2.5.1. 11‐week study
This study was conducted at Charles River Laboratories in Reno, NV. UTTR1147A was administered to 5 male and 5 female cynomolgus monkeys once every 2 weeks, for a total of 6 doses, by intravenous IV injection for 11 weeks at 0, 15, 75, or 300 μg/kg and by SC injection at 0 or 75 μg/kg. However, 2 males and 2 females from each group were assessed for reversibility of any drug‐related effects over an 8‐week recovery period. The doses selected for this study were based on preliminary tolerability data from a pilot 2‐week toxicity study (data not shown) as well as the projected human efficacious dose of 25 μg/kg (based on the 0.03 mg/kg efficacious dose in the mouse DSS colitis model;19 In addition, a subset of animals (2M/2F) from all dose groups were observed for an additional period of 8 weeks following the final dose (i.e., treatment‐free recovery period) to assess the reversibility of toxicity and PD biomarker effects.
Naïve Cynomolgus monkeys (Macaca fascicularis) of Chinese origin were transferred from the colony (originally acquired from a Charles River approved vendor) for the study. Animal care, use, and handling are in full accordance with SOP 1798 (Charles River Laboratories, Reno, NV). The animals were between 2.5 and 5.5 years old and weighed between 2.3 and 3.4 kg prior to initiation of dosing. Animals were randomized and assigned to groups using a computer‐based randomization procedure. Animals were socially housed (up to 3 animals of same sex and same dosing group together) in stainless steel cages equipped with a stainless steel mesh floor and an automatic watering valve. Primary enclosures were as specified in the USDA Animal Welfare Act (9 CFR, Parts 1, 2 and 3) and as described in the Guide for the Care and Use of Laboratory Animals. However, 3 animals/sex/group were necropsied (terminal necropsy on Study Day 74) and 2 animals/sex/group were monitored for an additional 8‐week recovery period (recovery necropsy on Study Day 130).

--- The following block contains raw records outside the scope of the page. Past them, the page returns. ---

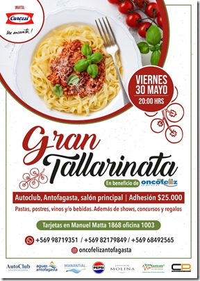 Con el objetivo de reunir fondos que irán en directo beneficio de las niñas y niños oncológicos del norte de Chile, la Corporación Oncofeliz invita a la comunidad de Antofagasta a participar de una nueva versión de su ya icónica Tallarinata, versión 2025.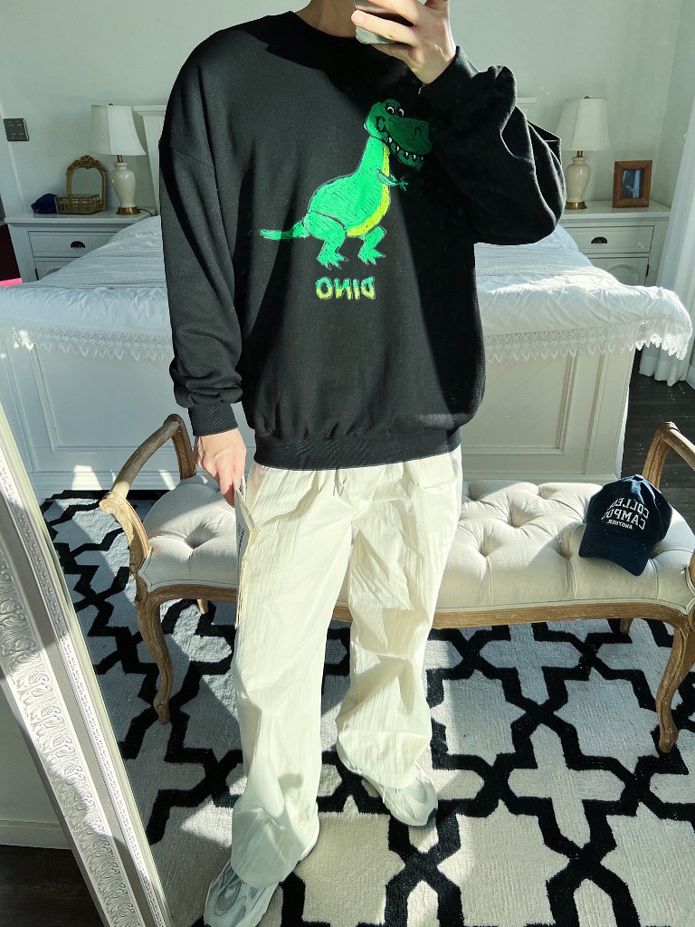 品名:야옹야옹 )기모) 다이노 크레파스 맨투맨 ◎※☞颜色:그레이, 블랙 ◎※☞尺寸:FREE ◎※☞材质:纯棉 100% 翻译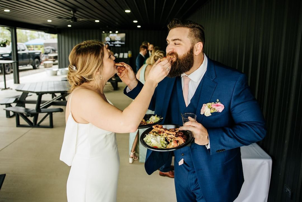 The North Patio provided the perfect setting for McKenna and Devin’s May ceremony, with the field serving as a peaceful natural backdrop. A wooden arbor draped in soft white fabric and adorned with an asymmetrical floral arrangement took center stage, framing the couple as they exchanged heartfelt vows. The blush and white tones of the flowers perfectly complemented the wedding’s elegant color palette, creating a serene and romantic atmosphere.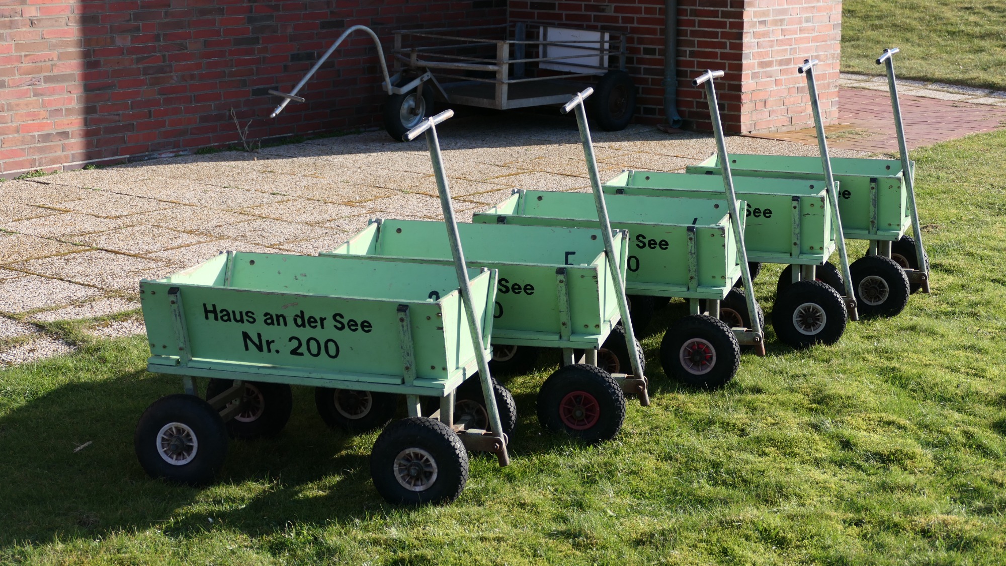 Um einen reibungslosen Strandtransport zu gewährleisten stehen für unsere kleinsten Gäste Bollerwagen zur Verfügung.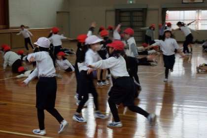 中京大学の皆様に講師としてお越しいただき、1・2年生がダンス講習会を実施しました。講師の先生の明るい声掛けと、大学生の皆さんのエネルギーに乗せられて、子どもたちも元気いっぱい活動をしました。海の生き物になって、体育館中を動き回った子どもたちでした。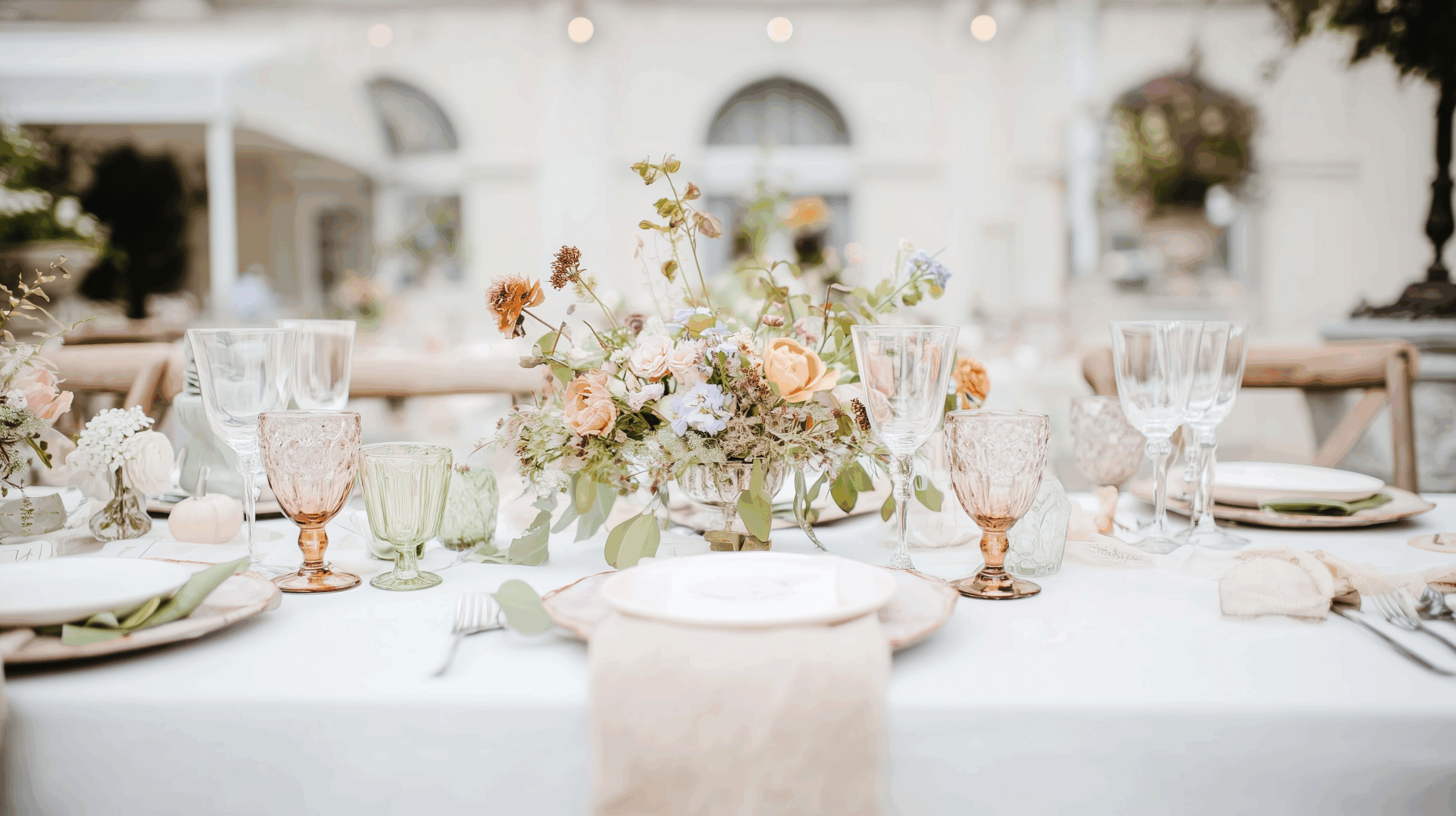 Vaisselle vintage chic, porcelaine fine, cristal et décoration raffinée pour mariages et événements haut de gamme.

2.5.2. Chronic 6‐month study
This study conducted at Covance Laboratories in Muenster, Germany. UTTR1147A was administered to 5 sexually mature male and 5 sexually mature female cynomolgus monkeys by IV injection Q2W for a total of 14 doses over 26 weeks at 0, 30, 100, and 300 μg/kg. As in the 11‐week study, 2 males and 2 females per group were assessed for reversibility of any drug‐related effects over a 12‐week recovery period. These doses were selected based on the results of the previous 11‐week study where we observed minimal findings starting at 75 μg/kg.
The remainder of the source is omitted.